NextEra Energy (NYSE: NEE) recently reported solid earnings for the first quarter of 2024 and provided investors with an upbeat outlook for the future. The stock has rallied strongly over the past six months or so, which is great news for existing shareholders.
But is the stock worth buying today? That will depend a lot on how you view NextEra Energy’s current (and future) performance. Here’s what you need to know.
Next Era Energy posted good results
In the first quarter of 2024, NextEra Energy’s adjusted earnings rose to $0.91 per share, up from $0.84 in the same part of 2023. That’s a solid 8% gain, and somewhat uncommon for a utility. Both the company’s regulated utility business, largely made up of Florida Power & Light, and its clean energy operations, known as NextEra Energy Resources, had good quarters, with net income per share up roughly $0.04 in each division.
But the most compelling news from the company’s earnings release was probably management’s comment that it “… will be disappointed if we are not able to deliver financial results at or near the top of our adjusted earnings per share expectations ranges in each year through 2026, while maintaining our strong balance sheet and credit ratings.” Basically, the company’s strong results are on track with management’s long-term plan.
That plan, meanwhile, calls for earnings growth of between 6% and 8% per year through 2026. And on top of that, management is saying that it will grow the dividend a hefty 10% per year through 2026 as well. These are both very material numbers for a utility, a sector that is usually known for slow and steady results.

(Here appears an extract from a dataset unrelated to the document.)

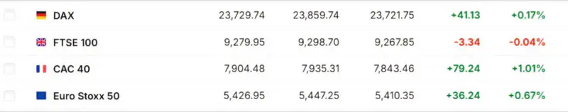 Из основных индексов DAX (+0,17 процента, Германия), CAC 40 (+1,01 процента, Франция), Euro Stoxx 50 (+0,67 процента) оказались в плюсе, в то время как FTSE 100 немного снизился (-0,04 процента, Великобритания).

Is NextEra Energy worth buying?
If you own NextEra Energy you should be pleased. That’s particularly true if you stepped into the stock in late 2023 when share prices fell dramatically, pushing the dividend yield up toward decade highs of around 3.5%. In hindsight, that now looks like it was a huge buying opportunity.
But since that price low point, NextEra Energy’s stock has rallied strongly. Over the past six months, share prices have gained over 30%. It isn’t nearly as compelling a purchase as it once was — note that the forward dividend yield is now around 2.7%. While that’s not a terrible yield for NextEra Energy, it is just average. And given that the average utility, using Vanguard Utilities Index ETF (NYSEMKT: VPU) as a proxy, is yielding 3.2%, investors looking for income probably won’t find NextEra Energy attractive at these levels.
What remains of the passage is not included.